Hilde Soliani
Hilde Soliani grew up in Parma, Italy, immersed in the visual arts, music, and theatre. She spent a decade working as a theatre actress and costume designer before moving into goldsmithing, creating jewelry that reflected her artistic instincts. The turning point came when she recognized an inherited gift: her grandmother possessed an extraordinary nose, an ability to capture fragrances and breathe life into them. Soliani began making her own perfumes as a form of personal expression, driven by a conviction that most commercial fragrances lacked genuine joy and passion. Her debut line, Ti Amo, launched in 2005 and immediately signaled the arrival of an unconventional voice in niche perfumery.

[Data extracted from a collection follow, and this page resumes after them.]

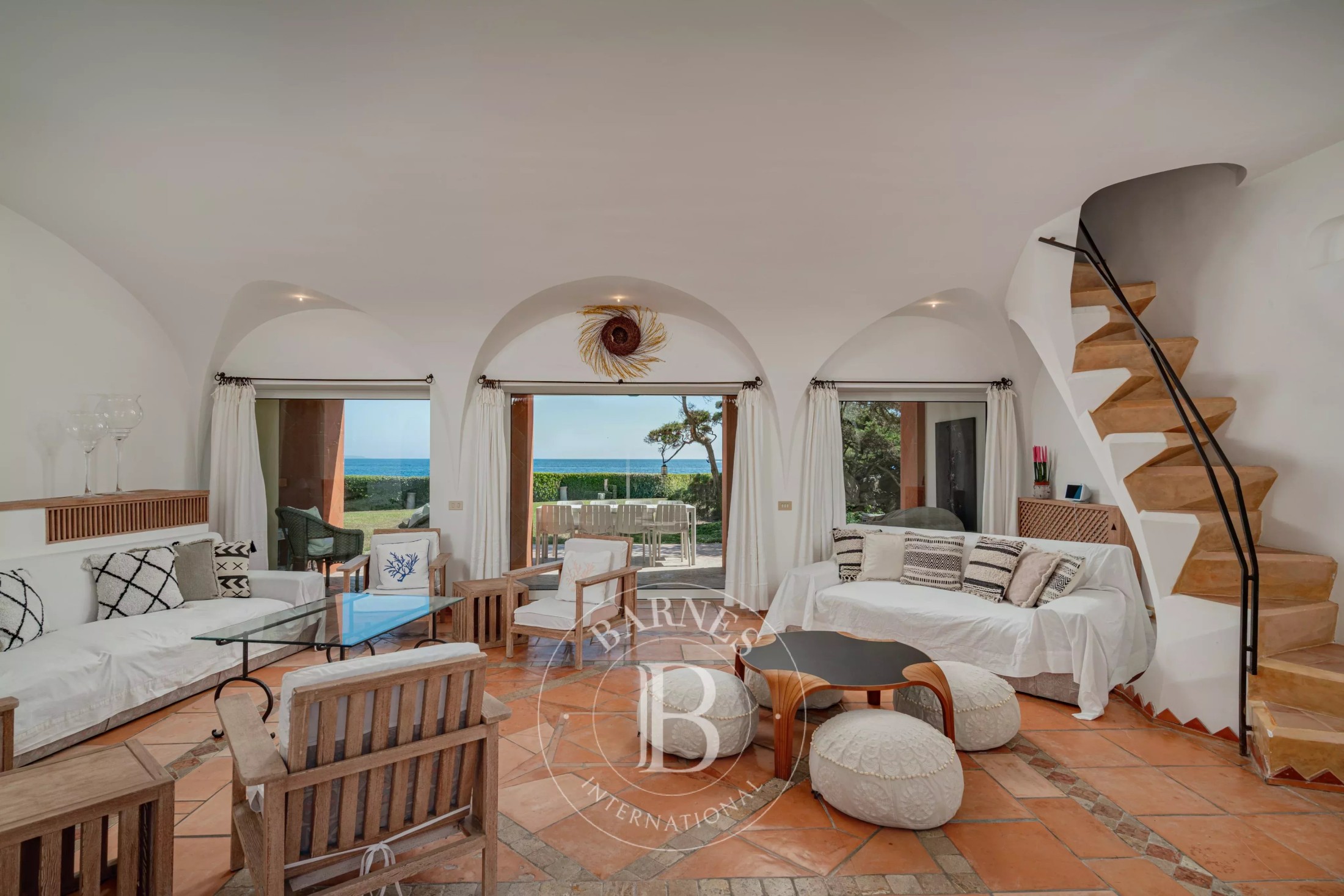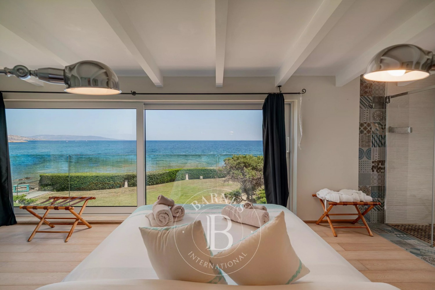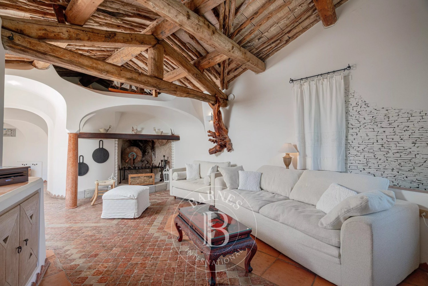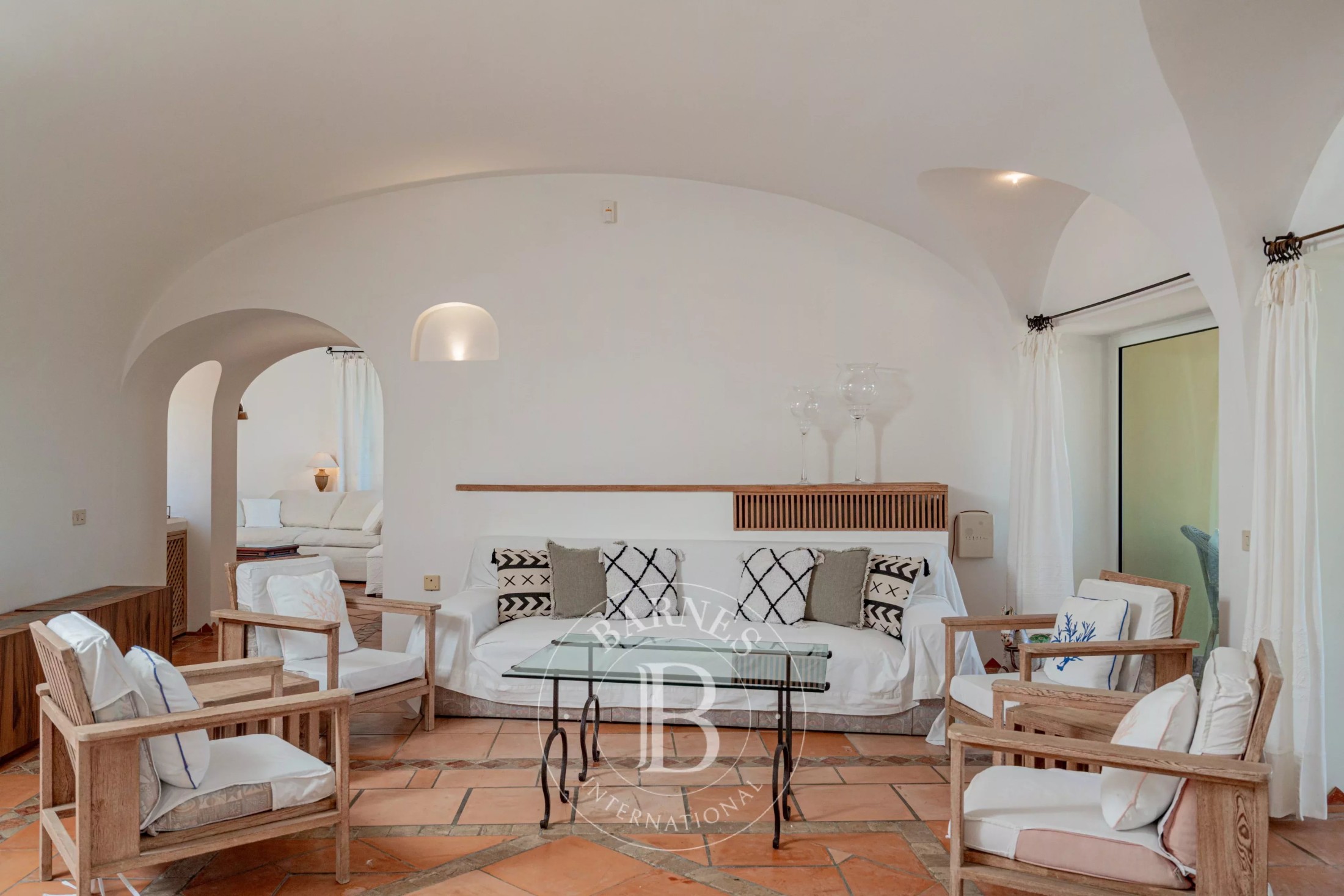 La résidence principale s’étend sur environ 500 m², offrant à ses hôtes des intérieurs spacieux et lumineux, organisés autour d’un grand espace de vie décloisonné encadré de larges baies vitrées panoramiques. La villa dispose d’un total de six chambres avec salle de bain privative, dont une spectaculaire suite parentale à l’étage supérieur, ouverte sur la piscine, le jardin et la mer. Une maison d’amis indépendante complète la propriété, tandis que les intérieurs reflètent un subtil équilibre entre héritage local et élégance contemporaine.
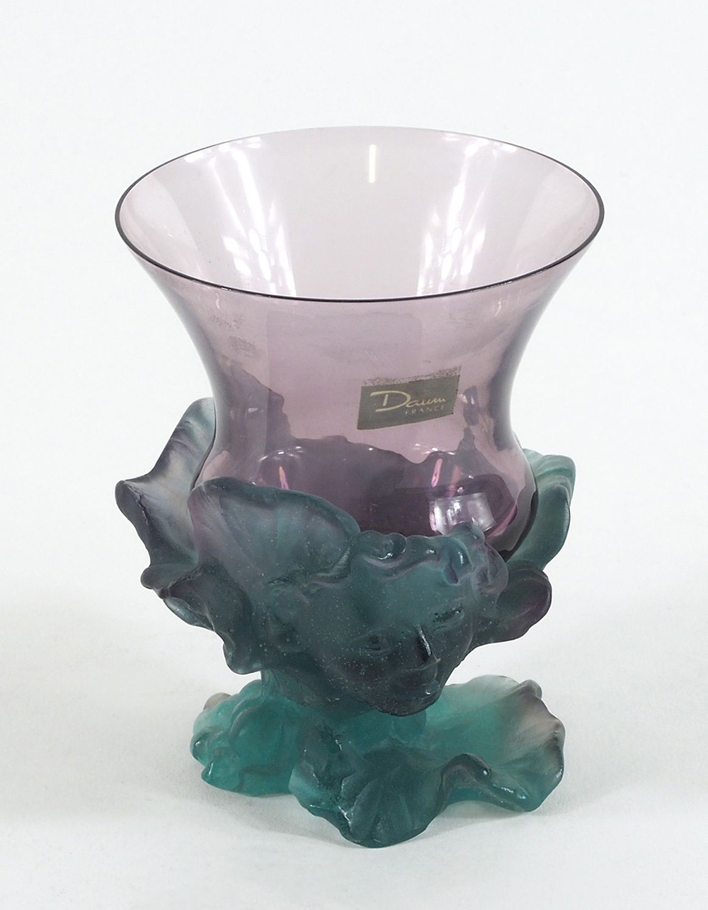 Daum: vasetto in vetro decorato con teste femminili. Firma incisa sotto la...
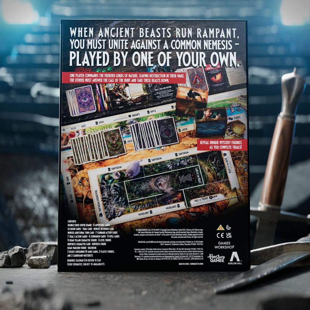 Die Nemesis kontrolliert jähzornige Bestien und hinterlässt eine Spur der Verwüstung. Es ist an den Helden, dem Ruf der Jagd zu folgen und diese Bestien zu erlegen. Bei der Avalon Hill „Talisman Nemesis: Ruf der Jagd“ Erweiterung tritt ein Spieler gegen alle anderen an. Hier arbeiten die Helden zusammen, um 3 gefährliche Prüfungen zu bestehen, und jede Prüfung wartet mit einem einzigartigen Widersacher und Bösewichten auf. Um zu gewinnen, müssen sie jeden Widersacher besiegen, bevor die Nemesis sie vernichtet. Das Ziel der Nemesis? Jede Prüfung bringt ein neues Ziel mit sich. Während sich die Spieler den Herausforderungen stellen, öffnen sie Schachteln und enthüllen geheime Karten und Figuren, die dem Spiel hinzugefügt werden. Mit diesem Tabletop-Abenteuerspiel kann ein fantastischer Spieleabend stattfinden. Es eignet sich für 3 bis 6 Spieler ab 12 Jahren. (Talisman 5. Edition erforderlich. Separat erhältlich. Je nach Verfügbarkeit.) Für noch mehr Abenteuer gibt es auch den Erweiterungspack Talisman Allianzen und das Basisspiel Talisman 5. Edition. (Jeweils separat erhältlich.)

She became her own best ambassador, self-describing as the \"Italian Artist Lady of Smell and Taste\" and earning the affectionate moniker \"madwoman of Parma\" from The New York Times. Despite interest from larger companies, Soliani has remained fiercely independent, building a collection that now exceeds one hundred fragrances.
The hits
Notable creations
The signature
How Hilde composes
Soliani built her reputation on gastro-gourmand compositions that most perfumers would never attempt. Her repertoire includes risotto, Catalan cream, butter, oysters, salted strawberry, hot milk, Parmesan violet, salted chestnut, and champagne. These are not decorative accents in her fragrances, they occupy center stage. She balances her audacious savory and sweet notes with careful structural work so that the resulting scents remain coherent and wearable rather than merely bizarre. She sources raw materials from suppliers in Switzerland, France, and Italy, and submits every formula to IFRA regulations before production. The dual identity she has cultivated, mixing genuine technical rigor with gleeful provocativeness, defines her unmistakable style.
Philosophy
What drives Hilde
Soliani treats perfume as pure freedom. Where most perfumers pursue polished, universally agreeable compositions, she deliberately courts the strange and the unexpected. She sees fragrance not as a static signature but as a mood-driven accessory that can shift with the day, the season, or the whim. Each creation begins with an emotion or memory she wishes to bottle, not a marketing brief. She has zero patience for polite conventions and openly courts controversy with ingredients that divide opinion, refusing to apologize for making people laugh, scratch their heads, or lean in closer. For Soliani, perfume is not a product category. It is wearable art. It is freedom.